The Librarian raises his eyebrows. “Oh, there’s a great deal of technical literature on the subject. It is a neurological phenomenon that is merely exploited in religious rituals.”

 

“It’s a Christian thing, right?”

 

“Pentecostal Christians think so, but they are deluding themselves. Pagan Greeks did it—Plato called it theomania. The Oriental cults of the Roman Empire did it. Hudson Bay Eskimos, Chukchi shamans, Lapps, Yakuts, Semang pygmies, the North Borneo cults, the Trhi-speaking priests of Ghana. The Zulu Amandiki cult and the Chinese religious sect of Shang-ti-hui. Spirit mediums of Tonga and the Brazilian Umbanda cult. The Tungus tribesmen of Siberia say that when the shaman goes into his trance and raves incoherent syllables, he learns the entire language of Nature.”

 

“The language of Nature.”

 

“Yes, sir. The Sukuma people of Africa say that the language is kinaturu, the tongue of the ancestors of all magicians, who are thought to have descended from one particular tribe.”

 

“What causes it?”

 

“If mystical explanations are ruled out, then it seems that glossolalia comes from structures buried deep within the brain, common to all people.”

 

“What does it look like?
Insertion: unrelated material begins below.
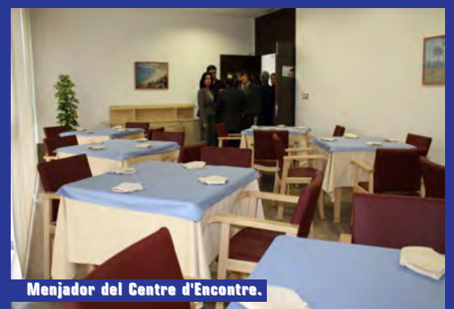
Menjador del Centre d'Encontre.

L'edifici té més de 2000 metres quadrats repartits entre les dos plantes i el soterrani, a més d'amplis espais verds. La lluminositat natural, la modernitat de les instal·lacions i l'amplària criden l'atenció d'aquest centre.

How do these people act?”

 

“C. W. Shumway observed the Los Angeles revival of 1906 and noted six basic symptoms: complete loss of rational control; dominance of emotion that leads to hysteria; absence of thought or will; automatic functioning of the speech organs; amnesia; and occasional sporadic physical manifestations such as jerking or twitching. Eusebius observed similar phenomena around the year 300, saying that the false prophet begins by a deliberate suppression of conscious thought, and ends in a delirium over which he has no control.”

 

“What’s the Christian justification for this? Is there anything in the Bible that backs this up?”

 

“Pentecost.”

 

“You mentioned that word earlier—what is it?”

 

“From the Greek pentekostos, meaning fiftieth. It refers to the fiftieth day after the Crucifixion.”